Biden reaffirmed his support for Guaidó as the country’s interim president and “expressed his support for Venezuelan-led negotiations as the best path toward a peaceful restoration of democratic institutions, free and fair elections, and respect for the human rights and fundamental freedoms of all Venezuelans,” the White House said in a readout of the call, which took place while Biden was aboard Air Force One en route to Los Angeles.
“They discussed the role the United States and other international partners can play to support a negotiated solution to Venezuela’s crisis,” the White House said. “President Biden reaffirmed the United States is willing to calibrate sanctions policy as informed by the outcomes of negotiations that empower the Venezuelan people to determine the future of their country.”
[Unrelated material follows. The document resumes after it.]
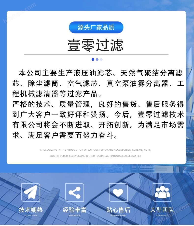 我公司生產替代國內外各種品牌壓縮機進氣除塵濾芯、油過濾芯、油氣分離濾芯,粉塵濾芯系列,進口壓縮氣體高效過濾器國產化系列濾芯(包括加氣站設備濾芯),紙濾苾、吸濾苾、除水濾苾、除油濾芯、除菌濾、絮狀物過濾器及濾芯、磁石濾、凈化機濾芯、濾油機濾芯、油水分離濾芯線綿式濾芯、重油除油除水微孔不銹鋼濾。陶瓷燒結式濾芯、玻璃纖維燒結濾芯、金屬粉未燒結濾芯、不銹鋼燒結網濾芯、木質纖維壓結濾芯、聚結式水中分油濾芯和水油分離器、油水分離濾網、脫水凈油濾油機、煤氣聚結式過濾器、油尾氣凈化器,干燥機,除油器,精過濾器,液體過濾器,濾油機及各種液體氣體自動反沖(吹)洗過濾芯等幾十種系列上萬種產品。 工業(yè)氣體、環(huán)保設備用的除塵濾芯、除塵濾筒、除塵濾袋、粉塵濾芯、除菌、除味濾芯及粉塵回收濾芯。工業(yè)用油、流體動力設備、液壓、潤滑系統、高精度油過濾器濾管路濾芯、進口濾芯國產化改造,非標濾芯的研制與生產。
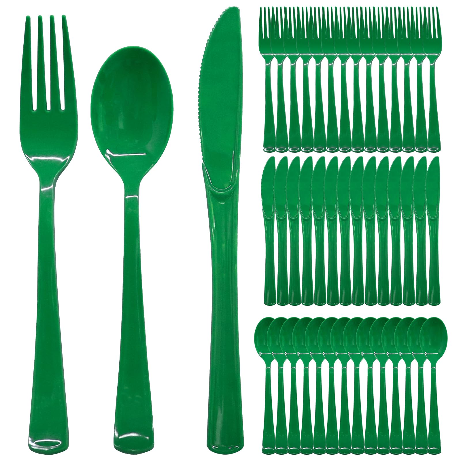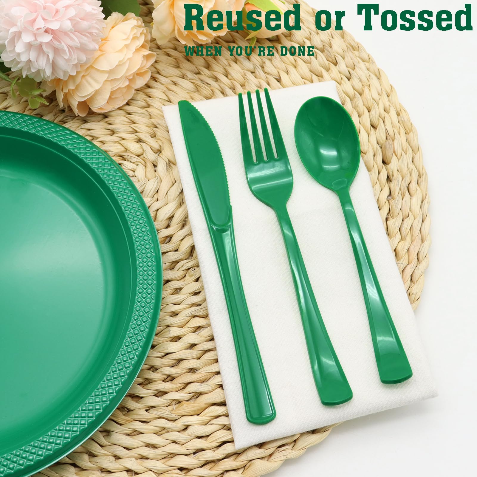 【Convenient and Reusable】The green plastic silverware is disposable and can easily be thrown away after the party, eliminating the hassle of a long wash and clean-up so you can focus on having a great time with friends and family. Of course, if you want to continue using the green plastic silverware, simply wash it in soapy water to restore its lustre and get it ready for your next party.

The Biden administration opted not to invite Guaidó as it snubbed the leaders of Venezuela, Nicaragua and Cuba over concerns about human rights and democratic backsliding. That decision rankled some other leaders in the region, including Mexican Andres Manuel Lopez-Obrador, who opted not to attend the summit.
The U.S. has recognized Guaidó, the leader of the national assembly, as the interim president and rightful leader of Venezuela since 2019 as it sought to pressure President Nicolas Maduro to resign. But Maduro has remained in power and the lack of an invite for Guaidó could bolster his standing.